If thorium had been used instead of uranium as the fuel in Japan’s Fukushima nuclear power plant, there would have been no risk of a meltdown after the country’s devastating earthquake and tsunami. And South Africa has 18 000 tonnes of the material, according to John Prior of the South African Nuclear Energy Corporation.
A naturally occurring radioactive chemical element, thorium is found in abundance worldwide. It is significantly less radioactive than uranium and decomposes far more quickly.
A handful of the material could power London for a week, yet its supporters claim that the development of its energy-generation potential has been very slow in South Africa. In fact, at present there are no commercial thorium generators in use anywhere in the world.
But thorium enthusiast Eben Mulder, head of the nuclear science and engineering school at North-West University, sees a bright future for thorium-fuelled nuclear power. “The nuclear industry had a bad beginning,” Mulder said, “but thorium might give it a new start.”
To generate 1 000MW of electricity a power station requires five million tonnes of coal a year and 200 tonnes of uranium, he said. If a high-temperature reactor is used, a scant 25 tonnes of thorium — a small truck load — would suffice. Although there is some interest in thorium development in Europe and the United States, countries such as India and China are taking the lead. According to the World Nuclear Association, India’s nuclear power programme aims to supply 25% of the country’s electricity from nuclear power by 2050.
India was excluded from trade in nuclear materials for 34 years because of its weapons programme, which hampered the development of civil nuclear energy until 2009. Because of trade bans and a lack of domestic uranium, it has developed a nuclear fuel cycle to exploit its thorium reserves and it is the first country to take mainly thorium-based reactors to an advanced stage of development.
In 2002 the Indian nuclear regulatory authority approved construction of a prototype fast-breeder reactor that is expected to be on stream next year. It will be fuelled with uranium-plutonium oxide but will be blanketed with thorium and uranium to breed uranium-233 and plutonium.
The construction of another six such reactors has been announced, four of which should be completed by 2020.
This year China announced that it planned to launch a programme to develop a thorium-fuelled molten-salt nuclear reactor. The goal is to develop a new generation of nuclear energy systems in about 20 years. The idea of producing nuclear power from thorium is not new. At the dawn of the nuclear age it was one of a range of possible fuel choices.
“The first reactors in the US were in fact made to include thorium,” said Mulder. But the growth of nuclear power was closely connected with the Cold War and uranium was preferred because it is more easily adapted to weapons production. Uranium in its naturally occurring form, U-238, must be enriched in a breeder reactor to turn it into weapons-grade plutonium, whereas thorium is a by product of rare earths that occur in monazite, and is not easily converted for nuclear weaponry.
Theoretically, Mulder said, a bomb could be made from it.

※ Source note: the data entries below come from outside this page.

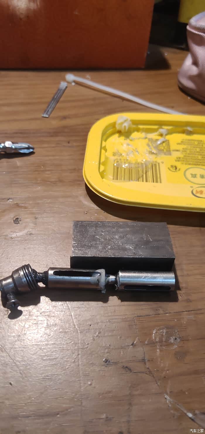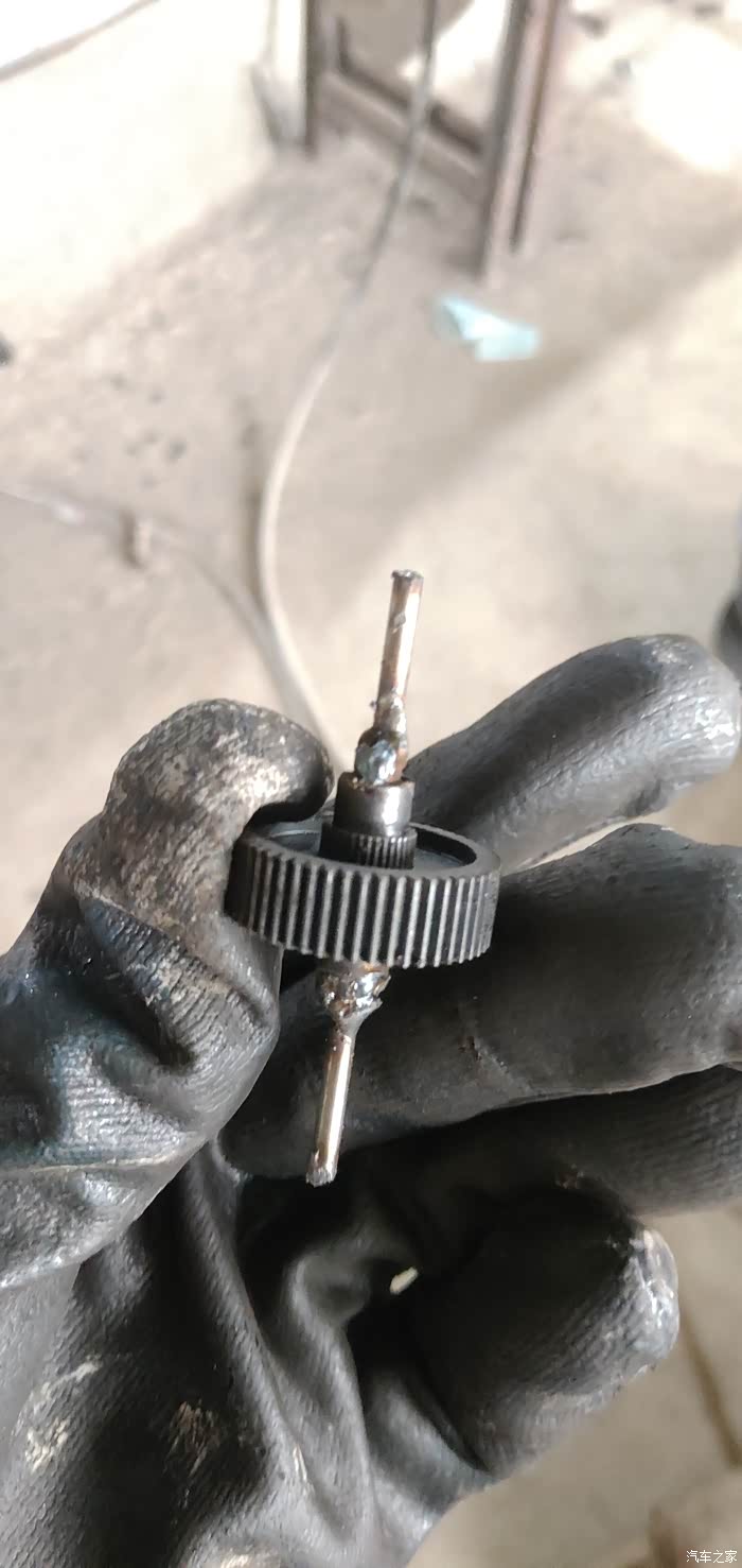 输出轴切了焊个3mm轴,刚好家里有一根3mm钢轴
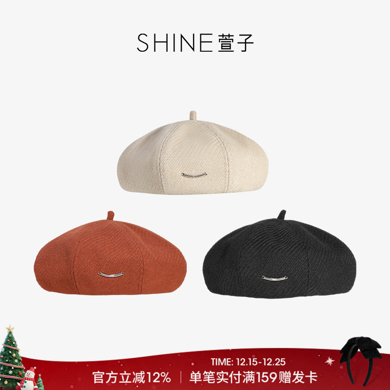 SHINE萱子饰品优雅简约贝雷帽圣诞配饰时尚女款大头围帽子
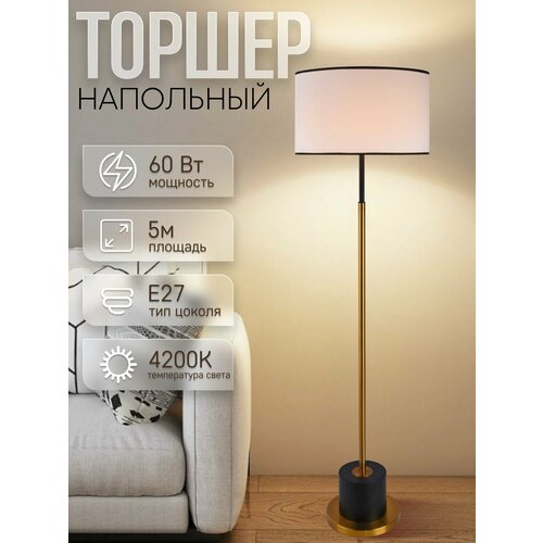 Классический напольный торшер ЭлисСвет – это не просто функциональный предмет интерьера, но и декоративный элемент, который привлекает внимание своим необычным оригинальным дизайном. Он способен придать особую эстетику любому пространству. Модель выполнена в черно-золотом цвете, имеет высокую подставку и большой текстильный плафон в форме цилиндра.
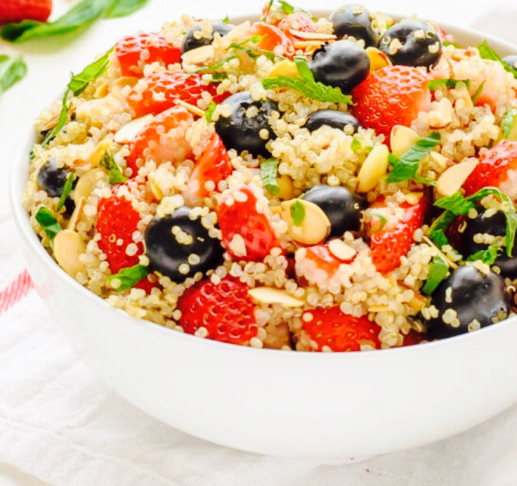 This healthy quinoa fruit salad is loaded with strawberries, blueberries, and a refreshing honey lime dressing.
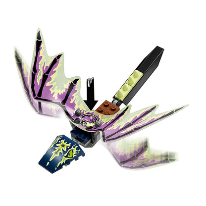• Bộ đóng kịch cũng có đồ chơi rồng với đôi cánh sẽ vỗ khi trẻ em đè lên lưng nó. Ngoài ra còn có một chiếc yên cho các nhân vật ninja mini cưỡi trên đó.
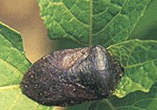 虫体呈六角状扁椭圆形,表面棕褐色或棕黑色,长1.8~2.2cm,宽1~1.2cm。头小,呈三角形,有单眼一对,呈点状突起。背部有膜质半透明翅两对,浅棕色至棕褐色。胸部有足3对,足多已脱落。腹部比背部隆起,有5~6节,每节近边缘有一突起的小点。质脆,有特异臭气,味微咸1。
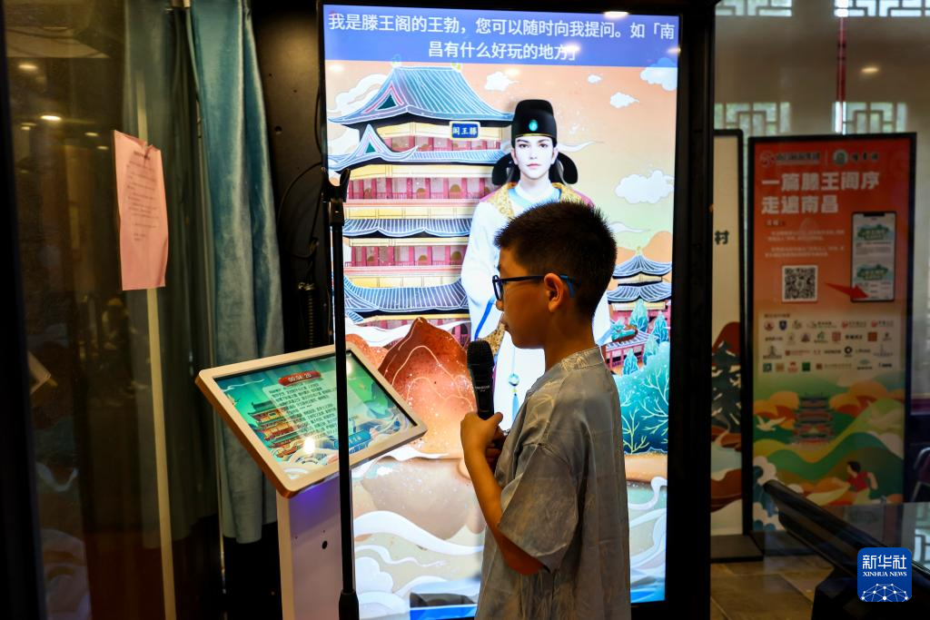 7月7日,一名来自河北秦皇岛的小学生在江西南昌滕王阁景区游客中心的智能背序亭内背诵《滕王阁序》。近年来,滕王阁景区推出背诵《滕王阁序》全文免门票活动,吸引了各地游客前来挑战。

But because of the high-energy gamma radiation emitted by U-232, another isotope that thorium contains, the electronics required would be cooked before the weapon leaves the factory. South Africa has deposits of rare earths and thorium, the largest of which is at Steenkampskraal, 400km from Cape Town. Material from here was exported for use in demonstration plants in Colorado and Germany during the 1970s, but in the following decade China flooded the market and most mines in other countries closed down, Mulder said. Both the German demonstration plants closed down in the late 1980s after the devastating explosion at the Chernobyl nuclear power station in Ukraine.
Although some experts say it may be too soon to exploit thorium for energy generation, its supporters worry that time is running out. Willem van der Merwe, convener of a thorium conference to be hosted by the South African Institute of Mining and Metallurgy next year, believes the required systems should be installed now, before it is too late. “The problem is that the regulatory stuff is not in place; someone has got to get on the boat first,” he said.
Mulder pointed out that because uranium development had received massive funding over several decades, the present infrastructure formed part of South Africa’s weapons development legacy and was not suitable for thorium generation.
Prior said thorium was not commercially viable at present because the technology used to process it had lagged far behind that of uranium processing, which is well developed. “With thorium we are starting at day one and the development of these cycles can take 10 to 20 years.”
He disputed Van der Merwe’s claim that there would be very little uranium left in the world in 20 years’ time. “The International Energy Agency Red Book of 2009 says there are five million tonnes of uranium resources in the world yet, according to the Nuclear Review, there are only 2.6-million tonnes of thorium.”
Richard Worthington, climate change programme manager at the World Wildlife Fund for Nature, said the global wildlife fund did not support nuclear power, regardless of whether it came from thorium or uranium. “I’m not sure what has happened to cause people to start talking about it again,” Worthington said this week. “Perhaps it is the failure of the pebble bed modular reactor.”
He said although the “supposed advantages” of thorium were less waste that remained radioactive for a shorter period than was the case with uranium, “nevertheless it is a major liability issue and the toxic waste is long-lived”.